▶ **PROBLEM**
Please return the listing exactly as written, but without its pictures.

▶ **STORED DATA**
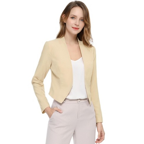 Allegra K Women s Collarless Work Office Long Sleeve Cropped Very well made.
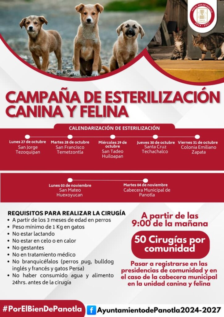 Con el compromiso de fomentar la tenencia responsable de mascotas y promover el bienestar animal, el H. Ayuntamiento de Panotla, encabezado por el presidente municipal Idelfonso Carro Roldán, dio inicio a la Campaña de Esterilización Canina y Felina 2025, en coordinación con la Secretaría de Salud del Estado de Tlaxcala.
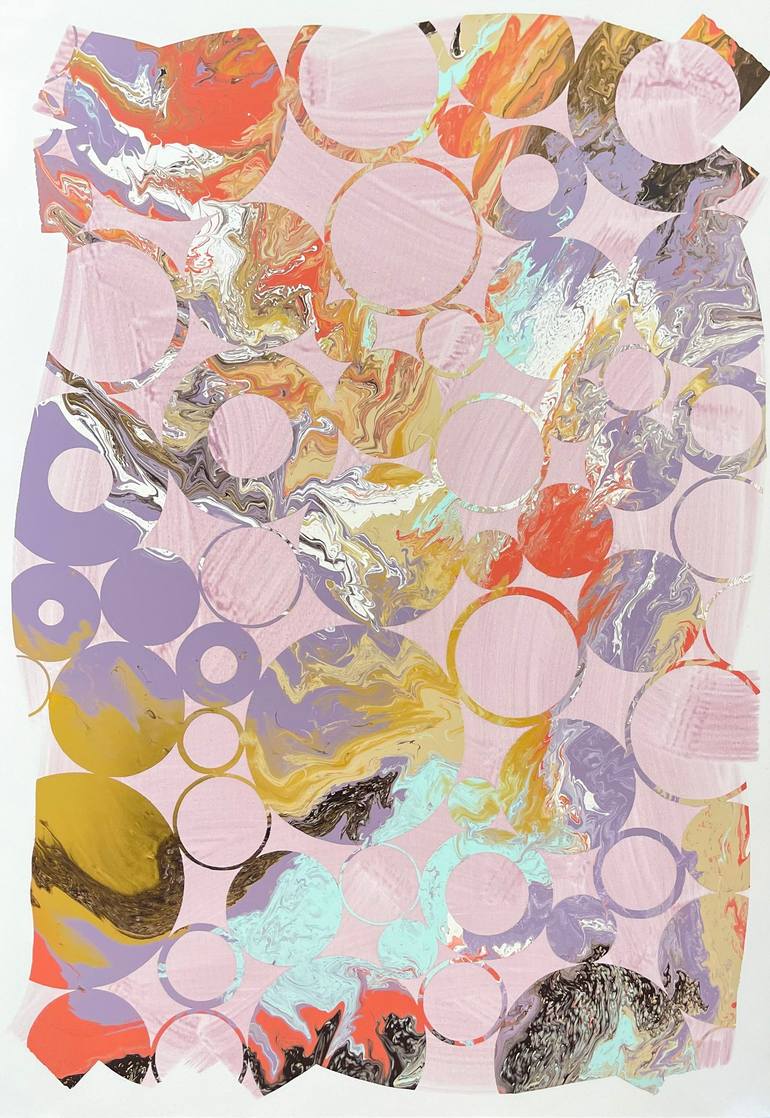The artist was born in Nicosia, Cyprus (October 1987), where she currently lives and works. She holds a DNAP, (Diplôme National d’Arts Plastiques), from the Ecole Supérieure des Beaux-arts de Nîmes, as well as a DNAP and a DNSAP, (Diplôme National Supérieur d’Arts Plastiques), from the Ecole Nationale Supérieure des Beaux-arts de Paris, France, obtained with Distinction. Eleni Pratsi produces artworks with geometric compositions and explosive, liquescent colours. She utilises both painting and printmaking techniques, evoking a balance between creative control and affirmation of chance, which extends throughout all the works. Every composition is created from experimentation with different colour combinations and the infinite possibilities that surface through the repetition, overlap and juxtaposition of circles. The use of stencil, a meticulously cut-out original which meets the canvas, creates sometimes sealed, and other times porous boundaries for the vivid colours that are poured directly on it. The colour palette is influenced by pop culture, developments in pigments and industrial paint production, which Pratsi continually researches. The paint, whose density is specific but different every time, interacts within the in-between space of canvas and stencil in ways that are often surprising. The specifics of gravity, which carries the paint on the painterly surface, play an important part in the creation of colour drips and blocks. Having developed a special relationship to the materiality of painting and the multiplicity of printmaking, Pratsi proposes images that do not impose a fixed meaning but invite the eye to travel within otherworldly landscapes, seen as if from above. The visual and emotional connections one can make, lead to different interpretations of the works. The title of the exhibition, “La Vie en Ronde”, can be interpreted to refer to the “roundness” of life, that feeling of things being mysteriously tied to each other, turning on their own accord, flowing, mixing, and mingling on endless horizons. Evagoras Vanezis Art Theorist

▶ **OUTPUT FOR THIS TASK**
 Allegra K Women s Collarless Work Office Long Sleeve Cropped Very well made.
 Con el compromiso de fomentar la tenencia responsable de mascotas y promover el bienestar animal, el H. Ayuntamiento de Panotla, encabezado por el presidente municipal Idelfonso Carro Roldán, dio inicio a la Campaña de Esterilización Canina y Felina 2025, en coordinación con la Secretaría de Salud del Estado de Tlaxcala.
The artist was born in Nicosia, Cyprus (October 1987), where she currently lives and works. She holds a DNAP, (Diplôme National d’Arts Plastiques), from the Ecole Supérieure des Beaux-arts de Nîmes, as well as a DNAP and a DNSAP, (Diplôme National Supérieur d’Arts Plastiques), from the Ecole Nationale Supérieure des Beaux-arts de Paris, France, obtained with Distinction. Eleni Pratsi produces artworks with geometric compositions and explosive, liquescent colours. She utilises both painting and printmaking techniques, evoking a balance between creative control and affirmation of chance, which extends throughout all the works. Every composition is created from experimentation with different colour combinations and the infinite possibilities that surface through the repetition, overlap and juxtaposition of circles. The use of stencil, a meticulously cut-out original which meets the canvas, creates sometimes sealed, and other times porous boundaries for the vivid colours that are poured directly on it. The colour palette is influenced by pop culture, developments in pigments and industrial paint production, which Pratsi continually researches. The paint, whose density is specific but different every time, interacts within the in-between space of canvas and stencil in ways that are often surprising. The specifics of gravity, which carries the paint on the painterly surface, play an important part in the creation of colour drips and blocks. Having developed a special relationship to the materiality of painting and the multiplicity of printmaking, Pratsi proposes images that do not impose a fixed meaning but invite the eye to travel within otherworldly landscapes, seen as if from above. The visual and emotional connections one can make, lead to different interpretations of the works. The title of the exhibition, “La Vie en Ronde”, can be interpreted to refer to the “roundness” of life, that feeling of things being mysteriously tied to each other, turning on their own accord, flowing, mixing, and mingling on endless horizons. Evagoras Vanezis Art Theorist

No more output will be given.